▶ [What the task asks]: Find the line containing "BRIO togbane med" in the material below, then please transcribe it and each line after it exactly, without the pictures.
----- Given data
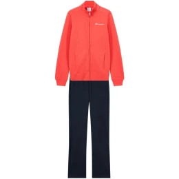 Dres damski Champion Full Zip Suit pomarańczowo-granatowy 118289 RS073 Dres damski Champion sprawdzi się na co dzień. Miękki w dotyku materiał o wysokiej zawartości bawełny. Dodatek poliestrowych włókien. Standardowy krój. Bluza z jednokierunkowym zamkiem. Ściągacze przy mankietach i w dolnej części bluzy. Otwarte kieszenie w bluzie. Spodnie z nogawkami wykończonymi niewielkimi rozcięciami i regulowaną sznurkiem, elastyczną talią. Spodnie bez kieszeni. Materiał: 55% bawełna, 45% poliester
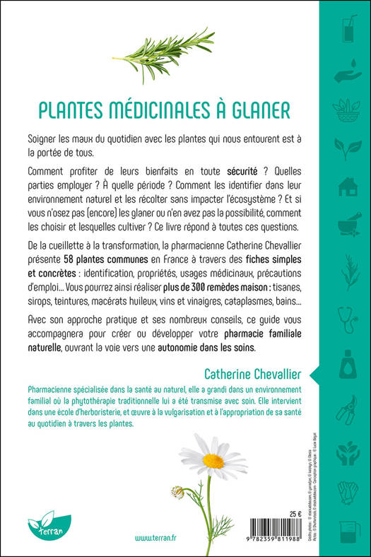Soigner les maux du quotidien avec les plantes qui nous entourent est à la portée de tous. Comment profiter de leurs bienfaits en toute sécurité ? Quelles parties employer ? À quelle période ? Comment les identifier dans leur environnement naturel et les récolter sans impacter l’écosystème ? Et si vous n’osez pas (encore) les glaner ou n’en avez pas la possibilité, comment les choisir et lesquelles les cultiver ? Ce livre répond à toutes ces questions. De la cueillette à la transformation, la pharmacienne Catherine Chevallier présente 58 plantes communes en France à travers des fiches simples et concrètes : identification, propriétés, usages médicinaux, précautions d’emploi… Vous pourrez ainsi réaliser plus de 300 remèdes maison : tisanes, sirops, teintures, macérats huileux, vins et vinaigres, cataplasmes, bains… Avec son approche pratique et ses nombreux conseils, ce guide vous accompagnera pour créer ou développer votre pharmacie familiale naturelle, ouvrant la voie vers une autonomie dans les soins.
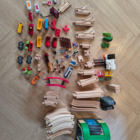 BRIO togbane med trætog og træs kinner. Sættet omfatter forskellige tog, vogne og tilbehør som broer, station og bygninger. Delene er udført primært i træ med enkelte plastdele. Egnet som legetøj til børn, der kan bygge og udvide deres egen togbane og lave forskellige togruter og opstillinger.
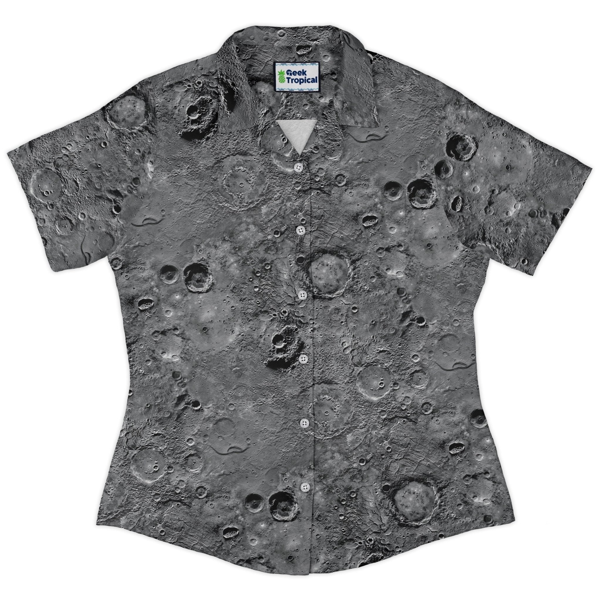 Surface of Mercury Curvy Button Up Shirt maps the innermost planet onto a sleek, curve-loving silhouette. The all-over print showcases cratered terrain and impact basins in crisp detail, flowing uninterrupted across the front for a clean, gallery-grade vibe. Tailored for women with an untucked-friendly hem and adjustable sleeves, finished with distinctive buttons. Designed by Nathan, printed with eco-conscious inks, and your purchase supports the artist.
----------
▶ [Solution to this problem]:
 BRIO togbane med trætog og træs kinner. Sættet omfatter forskellige tog, vogne og tilbehør som broer, station og bygninger. Delene er udført primært i træ med enkelte plastdele. Egnet som legetøj til børn, der kan bygge og udvide deres egen togbane og lave forskellige togruter og opstillinger.
 Surface of Mercury Curvy Button Up Shirt maps the innermost planet onto a sleek, curve-loving silhouette. The all-over print showcases cratered terrain and impact basins in crisp detail, flowing uninterrupted across the front for a clean, gallery-grade vibe. Tailored for women with an untucked-friendly hem and adjustable sleeves, finished with distinctive buttons. Designed by Nathan, printed with eco-conscious inks, and your purchase supports the artist.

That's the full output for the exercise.